# Three barges? Mass? Sylvia? Etc...



## SaltySurprise (Aug 4, 2017)

Hey guys, long time reader and information gatherer, but first time poster, so bear with me. I have fished in the gulf for a long time on larger boats so we went out a good ways, I recently got my own 17 ft Cape Horn, and was going to try to hit some short holes tomorrow. Just wondering if it's worth the trip because I know these shorter public holes get hit really hard. I just want to take my girlfriend out and let her bow up on something. And all the stuff I've fished in the past have been at an excess of 20 miles and I don't feel comfortable doing that in my ole 17 footer. Any info on short hot spots would be appreciated.


----------



## MrFish (Aug 21, 2009)

Get you some 20 lb flouro, 1/0 mutu light circles and hide them in your cut bait. As little weight as needed. 

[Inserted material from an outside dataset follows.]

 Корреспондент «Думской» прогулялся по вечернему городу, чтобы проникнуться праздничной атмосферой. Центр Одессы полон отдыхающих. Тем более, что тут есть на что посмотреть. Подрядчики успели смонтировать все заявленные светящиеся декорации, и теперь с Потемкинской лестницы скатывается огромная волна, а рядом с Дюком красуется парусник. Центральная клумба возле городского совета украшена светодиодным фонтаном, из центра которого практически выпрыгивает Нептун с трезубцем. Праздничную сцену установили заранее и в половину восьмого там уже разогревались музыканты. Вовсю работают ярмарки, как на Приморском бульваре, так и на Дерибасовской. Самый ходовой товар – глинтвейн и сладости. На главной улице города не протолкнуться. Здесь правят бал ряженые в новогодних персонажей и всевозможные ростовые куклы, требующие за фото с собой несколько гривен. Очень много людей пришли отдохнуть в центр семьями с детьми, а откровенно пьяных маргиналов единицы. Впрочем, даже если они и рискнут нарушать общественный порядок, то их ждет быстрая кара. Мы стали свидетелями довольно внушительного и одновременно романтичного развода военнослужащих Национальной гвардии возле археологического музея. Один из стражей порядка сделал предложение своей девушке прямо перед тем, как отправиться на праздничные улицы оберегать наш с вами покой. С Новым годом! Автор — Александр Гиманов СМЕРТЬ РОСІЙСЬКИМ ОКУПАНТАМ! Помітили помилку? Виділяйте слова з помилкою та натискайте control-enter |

Or you could just troll some dusters around and catch some kings, spanish and bobos.


----------



## SaltySurprise (Aug 4, 2017)

So you think any of the short holes are about the same? None are better than the other


----------



## iJabo (Jul 6, 2013)

I have a small Cape Horn too. Pick your days and you could surprise yourself with how far you can run. It's definitely better to ere on the side of caution, but I've gone out 10-12 miles out in mine on a good day.

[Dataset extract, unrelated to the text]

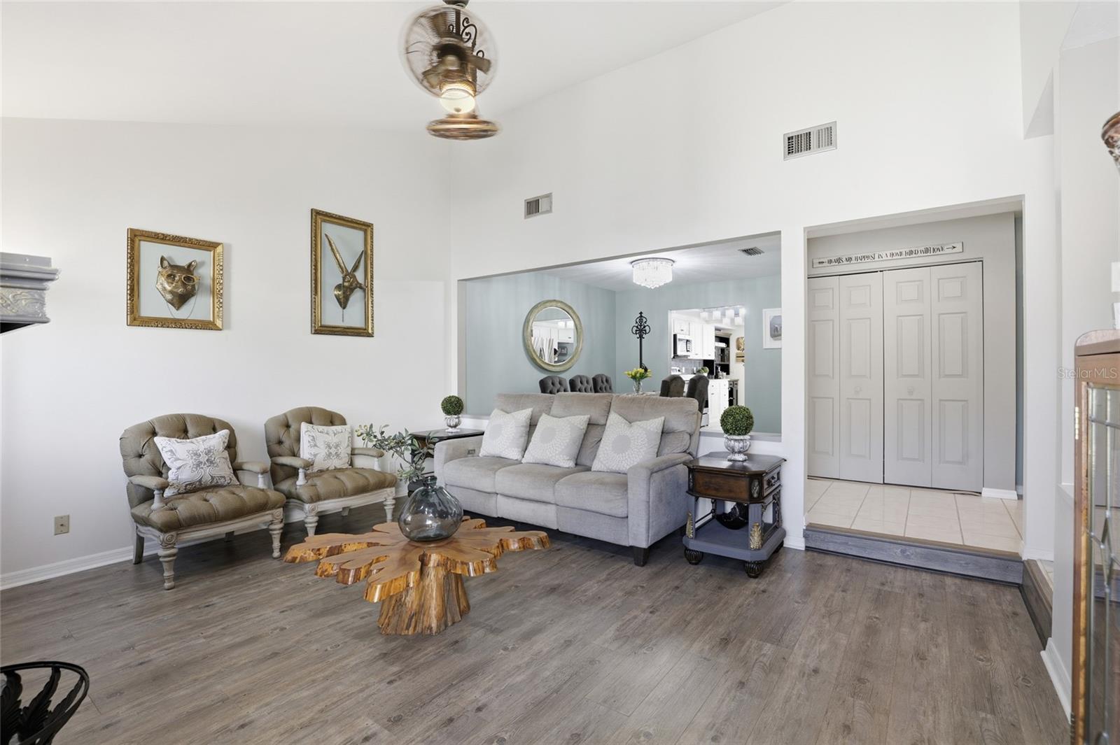 Updated and move-in ready 3 Bedroom, 2.5 Bathroom Townhome in Fox Meadow. This home offers a thoughtfully designed layout featuring the Primary Bedroom conveniently located on the first floor, with two spacious additional bedrooms and a full bathroom upstairs, providing privacy and comfort for family or guests. Numerous updates ensure peace of mind, including a new roof installed in August 2023, an updated AC and gas furnace in August 2021, and a new hot water heater in 2021. The kitchen, completely renovated in 2023, showcases new cabinetry, quartz countertops, tile backsplash, and updated stainless steel appliances, along with a charming breakfast nook and a separate dining area perfect for gatherings. There is no carpet throughout, enjoy beautiful wood flooring in the living room and all bedrooms, and tile in other areas for easy maintenance. The spacious Primary Suite includes a walk-in shower, vanity area, and large walk-in closet. One of the bedrooms is equipped with a Murphy bed to easily transition between a guest room and an office or flex space. The attached garage is equipped with a newer garage door opener and a convenient laundry area. The front driveway is expanded with pavers to fit two vehicles in the driveway. Both the front and rear courtyards are gated for added privacy, creating tranquil outdoor spaces to relax or entertain. The enclosed Florida room, finished with tile flooring, extends your living space and provides a beautiful setting to unwind year-round. Access to the community pool is just steps from the home. Fox Meadow residents enjoy access to a community pool, and lawn and shrub maintenance are included in the HOA. Conveniently located just minutes from downtown Ocala, shopping, dining, and entertainment.

If you're hunting reef species, generally, the further away from the Pass you go, the less pressure the fish have seen. That doesn't mean that Three Barge or those other close wrecks are empty, but its a good general rule of thumb. I like to sometimes pick a small, obscure public reef that's not too far and check it out. There are some reef balls and culverts that don't get fished as much because people will pass them up heading to the bigger wrecks.


----------



## SaltySurprise (Aug 4, 2017)

Have you tried any short holes recently that have been worth it? I've fished three barges before and caught some fish but nothing spectacular, and is there anywhere you can see an actual map of public numbers for Florida? Because I look at reefs and wrecks on mbt divers but there's no actual map, but I guess I could use water depths to tell if they're out far or not... but anyways, I'm just looking to set my girlfriend up on something that'll give her a nice little pull!


----------



## chaps (Aug 31, 2009)

You can get an Sd card for your GPS of all the public spots off escambia and Santa Rosa county.


----------



## Ocean Master (May 20, 2008)

There were plenty of legal Mingo's at the 3 barges last Saturday.


----------



## SaltySurprise (Aug 4, 2017)

Sweet thanks for the info


----------



## jspooney (Oct 2, 2007)

Tomorrow may not be a great boating day. Keep an eye on the radar.


----------



## SaltySurprise (Aug 4, 2017)

Gonna hit the water around 5... beat the storms??


----------



## SaltySurprise (Aug 4, 2017)

Tried to put a thumbs up but it changed it to 2 question marks


----------



## Simonj31 (Mar 6, 2014)

SaltySurprise said:


> Hey guys, long time reader and information gatherer, but first time poster, so bear with me. I have fished in the gulf for a long time on larger boats so we went out a good ways, I recently got my own 17 ft Cape Horn, and was going to try to hit some short holes tomorrow. Just wondering if it's worth the trip because I know these shorter public holes get hit really hard. I just want to take my girlfriend out and let her bow up on something. And all the stuff I've fished in the past have been at an excess of 20 miles and I don't feel comfortable doing that in my ole 17 footer. Any info on short hot spots would be appreciated.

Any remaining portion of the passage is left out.